ServerState:服务状态,Zookeeper节点角色状态,分为LOOKING、FOLLOWING、LEADING和OBSERVING,分别对应于不同的角色,当处于选举时,节点处于Looking状态。

每次投票,一个Vote会包含Zookeeper节点信息。

Zookeeper在启动之后会马上进行选举操作,不断的向其他Follower节点发送选票信息,同时也接收别的Follower发送过来的选票信息。最终每个Follower都持有共同的一个选票池,通过同样的算法选出Leader,如果当前节点选为Leader,则向其他每个Follower发送信息,如果没有则向Leader发送信息。

Zookeeper定义了Election接口;其中lookForLeader()就是选举操作。

启动peer选举策略实际启动的为fast leader 选举策略,如果peer状态为LOOKING, 创建投票(最后提交的日志id,时间戳,peerId)。

fast leader 选举策略启动时实际上启动了一个消息处理器Messenger。 消息处理器内部有一个发送消息工作线程WorkerSender,出列一个需要发送的消息,并把它放入管理器QuorumCnxManager的队列; 一个消息接收线程WorkerReceiver处理从QuorumCnxManager接收的消息。

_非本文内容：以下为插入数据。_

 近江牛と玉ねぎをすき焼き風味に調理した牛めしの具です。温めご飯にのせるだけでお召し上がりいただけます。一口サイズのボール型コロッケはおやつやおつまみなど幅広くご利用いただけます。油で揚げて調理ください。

发送消息工作线程WorkerSender,从FastLeaderElection的发送队列poll消息,并把它放入管理器QuorumCnxManager的队列,如果需要则建立消息关联的peer,并发送协议版本,服务id及选举地址, 如果连接peer的id大于 当前peer的id,则关闭连接,否则启动发送工作线程SendWorker和接收线程RecvWorker。 同时QuorumCnxManager在启动时,启动监听,监听peer的连接。发送消息线程SendWorker,从消息队列拉取消息,并通过Socket的DataOutputStream,发送给peer。

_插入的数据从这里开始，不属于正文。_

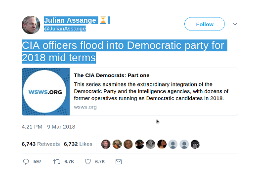 Aleš MacháčekPodle senzační nové zprávy World Socialist Web Site, na níž ve svém tvítu odkázal zakladatel WikiLeaks Julien Assange, usilují o nominaci na kandidátku Demokratické strany pro volby do Sněmovny reprezentantů bývalí zpravodajci a vojáci ze CIA, Pentagonu, Národní bezpečnostní rady a ministerstva zahraničí. V roce 2018 se ve Spojených státech budou konat volby do dolní komory Kongresu, v nichž se Demokratická strana chystá převzít většinu. Mají ji k tomu pomoci i bývalí zpravodajci, kterých je na kandidátkách více než polovina. Pokud by se to stalo, bude to bezprecedentní příval zpravodajců do řad amerických legislativců. Jedním z kandidátů je Abigail Spanbergerová usilující o nominaci na kandidátku Demokratické strany v Richmondu. Svou minulostí se netají:

消息接收线程WorkerReceiver从QuorumCnxManager的接收队列中拉取消息,并解析出peer的状态(LOOKING, 观察,Follower,或者leader), 事务id,leaderId,leader选举时间戳,peer的时间戳等信息;如果peer不在当前投票的视图范围之内,同步当前peer的状态(构建通知消息(服务id,事务id,peer状态,时间戳等),并放到发送队列), 然后更新通知(事务id,leaderId,leader选举时间戳,peer时间戳),如果当前peer的状态为LOOKING,则添加通知消息到peer的消息接收队列,如果peer状态为LOOKING,则同步当前节点的投票信息给peer, 若果当前节点为非looker,而peer为looker,则发送当前peer相信的leader信息。

接收工作线程RecvWorker,主要是从Socket的Data输入流中读取数据,并组装成消息,放到QuorumCnxManager的消息接收队列,待消息接收线程WorkerReceiver处理。

peer状态有四种LOOKING, OBSERVING,FOLLOWING和LEADING几种状态;LOOKING为初态,Leader还没有选举成功,其他为终态。

当前QuorumPeer处于LOOKING提议投票阶段,启动一个ReadOnlyZooKeeperServer服务,并设置当前peer投票。 ReadOnlyZooKeeperServer内部的处理器链为ReadOnlyRequestProcessor->PrepRequestProcessor->FinalRequestProcessor。 ,只读处理器ReadOnlyRequestProcessor,对CRUD相关的操作,进行忽略,只处理check请求,并通过NettyServerCnxn发送ReplyHeader,头部主要的信息为内存数据库的最大事务id。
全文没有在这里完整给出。